Our machine learning pipeline involves 5 stages.

The initial data preparation stage involves multiple tasks such as georeferencing, image tiling, cloud masking, indexing spectral bands and data re-shaping.

Then using Python and Tensorflow/Keras we train and refine the models using our active learning tools explained in earlier articles. By being exposed to large amounts of imagery data the models learn to distinguish classes such as urban areas, vegetation, grassland and water. This phase is very CPU intensive as the models are run, refined and re-run repeatedly.

This is a followed by a feature extraction (vectorisation) step run whereby inference raster images are processed and transformed into vector data sets.

GIS post processing is a critical phase in our process. This is a stage where we transform the CNN output, which can be very large polygon data sets, into useful spatial data products. In our process we carefully review and reduce un-necessary detail and complexity from the deep learning process.

This includes identifying issues that might have occurred due to shadows, clouds or irregularities in surface response for example due to reflectance or a mixed surface cover. We use a range of class-specific vertex and polygon management techniques to ensure the final polygons are well suited to the data and end user requirements. Our process is shown schematically below.

Here are two examples of model results.

The first is a land cover map centered on Waiheke Island in Auckland . At left is a true colour Sentinel-2 image mosaic with a spatial resolution of 10m (medium resolution). At right is the land cover spatial layer generated by our model.
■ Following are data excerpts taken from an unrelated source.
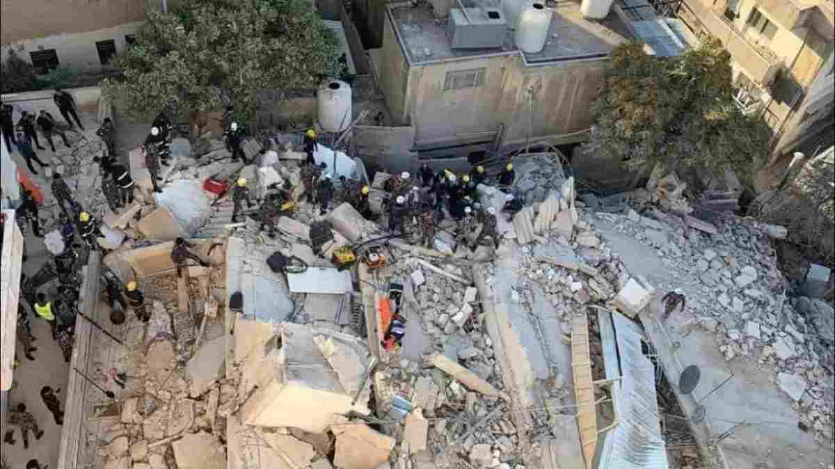 Η κατάρρευση του διώροφου κτιρίου αποδίδεται σε υποχώρηση του εδάφους λόγω των βροχοπτώσεων που έπληξαν την περιοχή.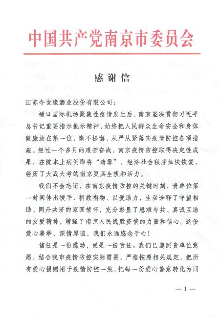 這是9月7日,中共南京市委、南京市人民政府給今世緣酒業(yè)的感謝信。信中對今世緣酒業(yè)助力南京疫情防控,捐款捐物的愛心善舉表示感謝。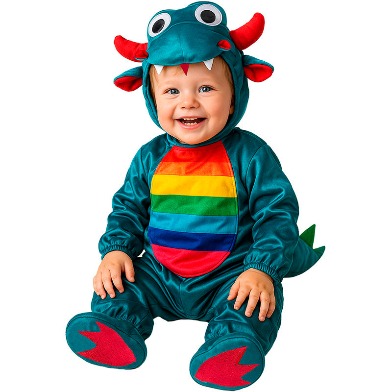 O fato inédito Dragão colorido para bebés inclui: Macacão, capuz e protetor de sapatos | Este disfarce de Dragão fofo para bebés está disponível em tamanho unico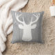 Modernes und schickes Rotwildkopfkissen mit grauem hölzernem Musterentwurf. Ultra heißer Trend in Wohngestaltung ROTWILD gehen Silhouetten voran. Fügen Sie dieses Modedekorateurkissen Ihrem vorhandenen Dekor hinzu, um Ihre einfache und schnelle Art zu aktualisieren.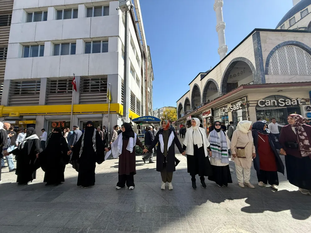 Açıklamada, “Bu zincir; Gazze’de evlatlarını kaybeden annelerin, yetim kalan çocukların ve insanlığını kaybetmeyen herkesin zinciridir” denildi.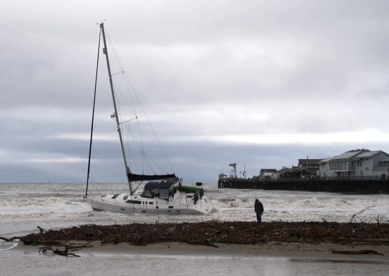 During the recent “Atmospheric River” storm that hit Santa Barbara fiercely, three boats washed ashore from Fool's Anchorage, the area off East Beach which is not a secure place for any boat to anchor. Storms generally toss these often-untended boats to shore.
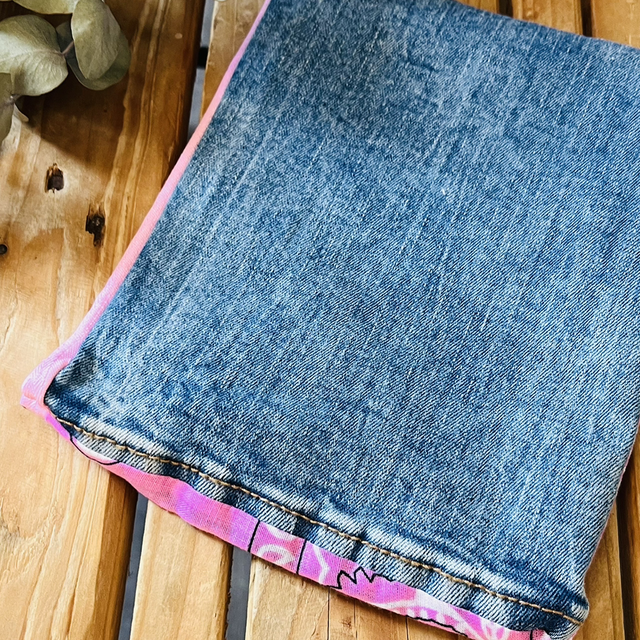 Pochette bi-matière bandana / jean idéale par son format et sa touche colorée pour l’été ☀️

In this example we have separated native and exotic forest, grassland, urban areas and also bare earth (shown in purple).

Land cover classification from Sentinel-2 - Waiheke Island, Auckland.
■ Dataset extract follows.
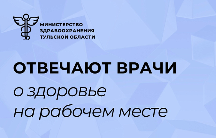 Специалист расскажет тулякам о здоровье на рабочем месте во время прямого эфира из серии «Отвечают врачи». Об этом сообщает пресс-служба министерства здравоохранения Тульской области.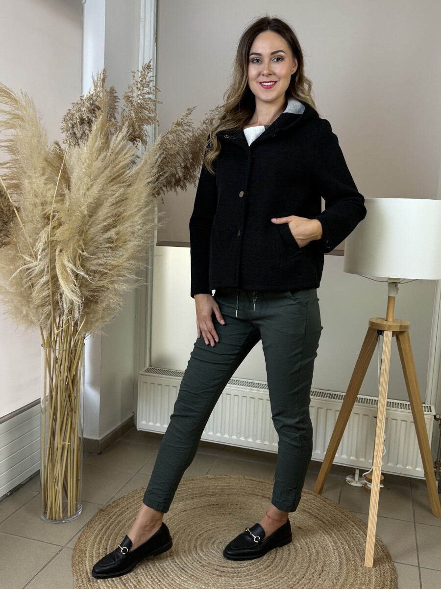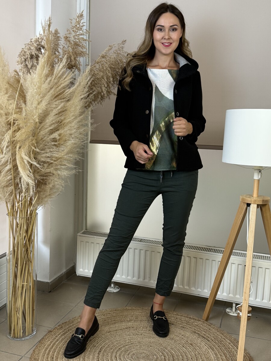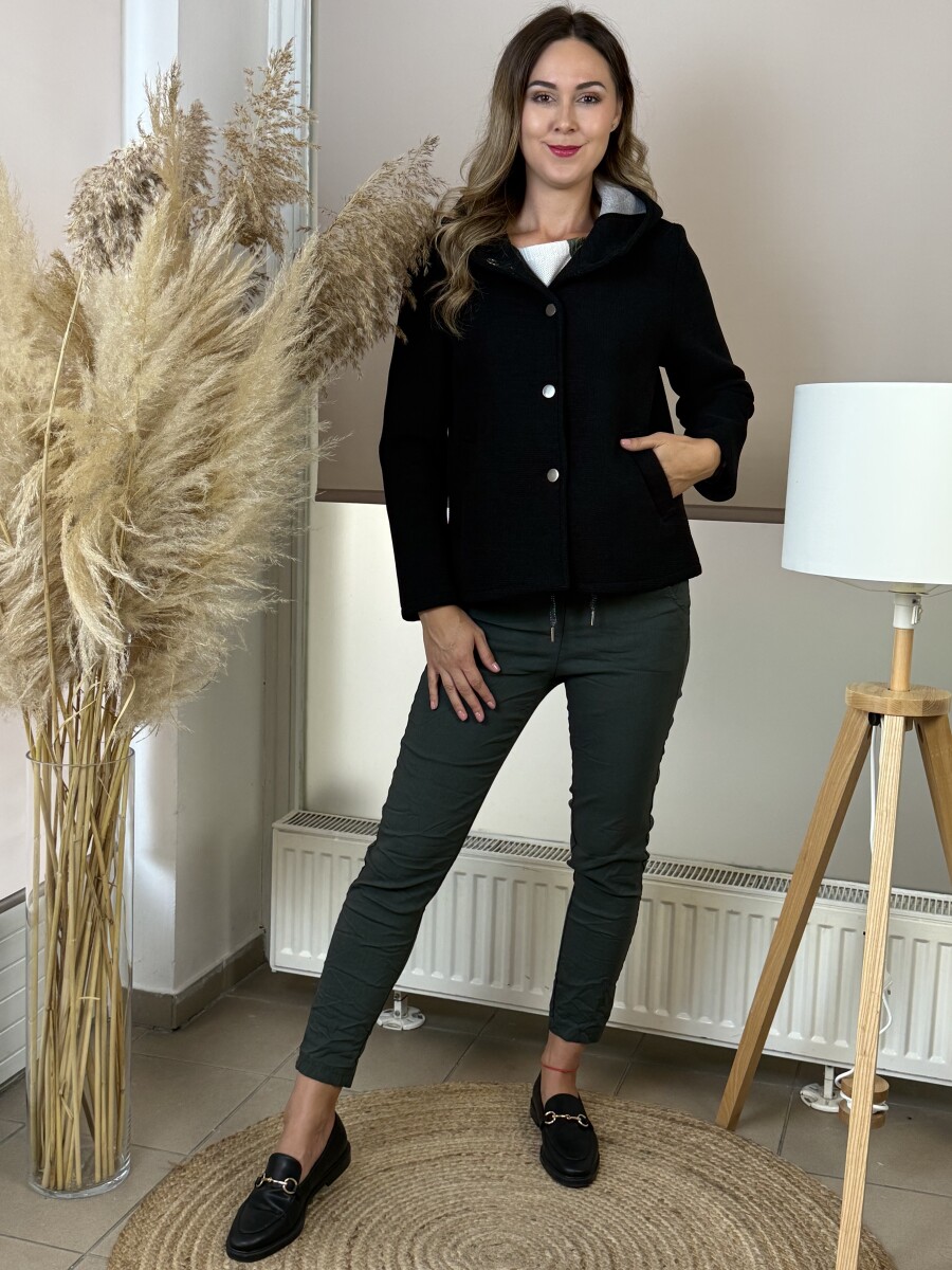 Egyenes rövid állású, bélés nélküli, kapucnis, elől két rejtett zsebes, patent gombos Őszi álmeneti szivacs kabát .

Overall this CNN identified 9 land cover classes including picking up deforested areas, crop land and sand/gravel. This type of classification is well suited to regional scale change detection.

In our second example we have classified high resolution aerial photography with a spatial resolution of 0.10m into detailed urban land cover. This model produces an 8-class land cover map at the finer resolution including grassland, roads, buildings, sand/gravel, bare earth, several vegetation classes and other impervious surfaces e.g. concrete.
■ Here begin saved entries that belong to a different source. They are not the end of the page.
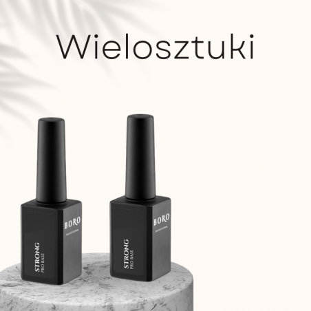W przypadku paznokci o średniej grubości bazę STRONG Base można stosować jako jedyny produkt wygładzający. Można go również łączyć z innymi bazami - użyj STRONG do wcierania i wygładź bazą maskującą, aby uzyskać dodatkową trwałość.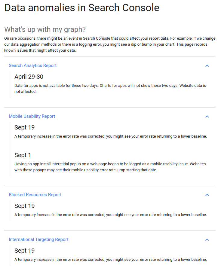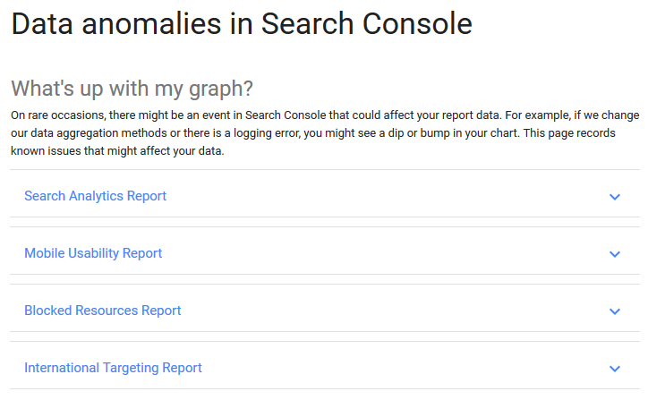 Prior to the change, the Data Anomalies page just listed “Search Analytics Report” but now it includes three additional sections. The added ones are “Mobile Usability Report”, “Blocked Resources Report” and “International Targeting Report.”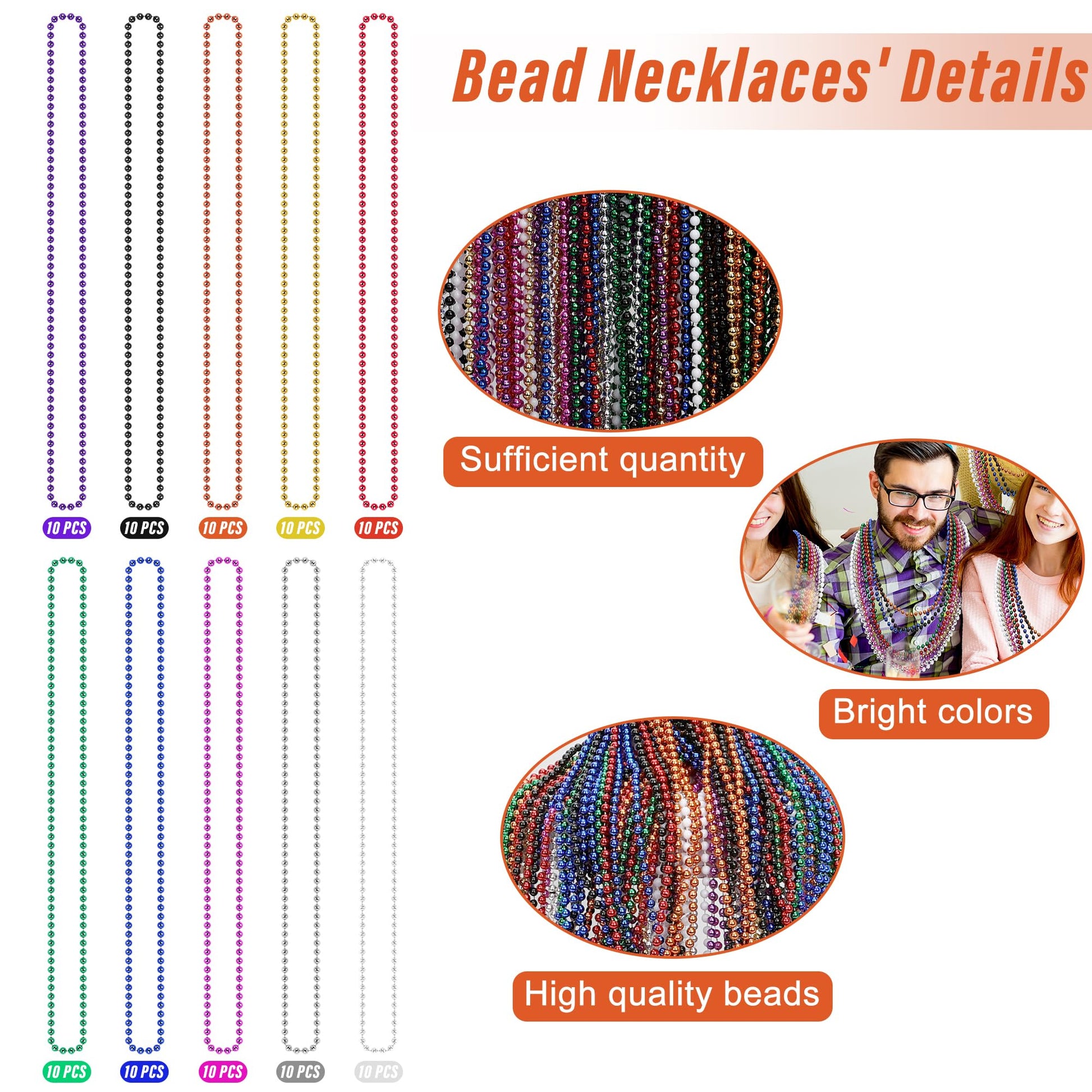 100PCS Mardi Gras Beads, 10 Kinds of Color Bead Necklace Toy Party Favors, 33'' Bead Costume Bulk, Festival Parade Throw Accesso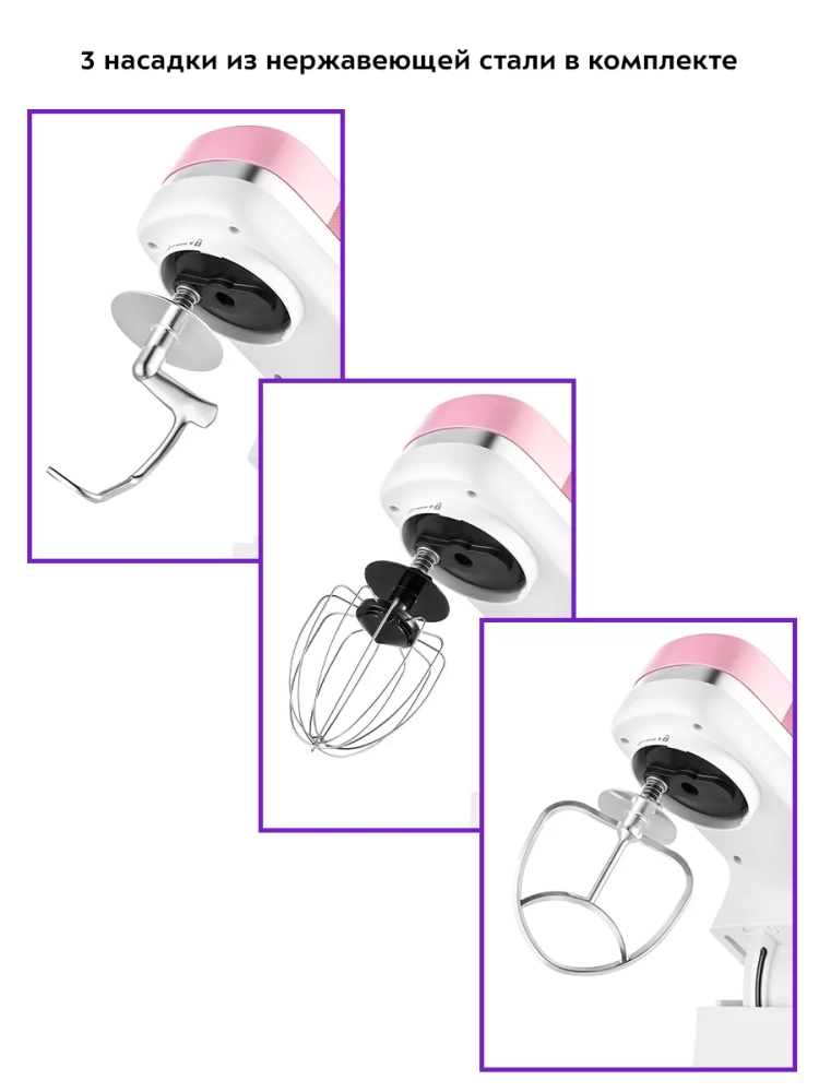 Венчик служит для взбивания яичных белков, сливок, замешивания жидкого теста. Насадка для смешивания используется для негустых ингредиентов, приготовления картофельного пюре, томатной пасты, кондитерских смесей, теста для тортов или блинов. Крюк для замешивания подойдет для замешивания густого теста.

Land cover classification from orthophotography, Tauranga City.

In each case different deep learning models were developed appropriate to the sensor and surface geography. In the latter case we combined semantic segmentation models for buildings, roads, impervious surfaces and the natural land classes in order to generate a composite land cover map.

Our work shows that computer vision (CNN’s) integrated with GIS and remote sensing deployed in high-performance computing environments can really increase our capacity to compile and publish timely land-use information.

We are probably just scratching the surface of what’s possible. There are many applications of this technology which could bring efficiencies to a range of land and natural resource management mapping and monitoring programmes.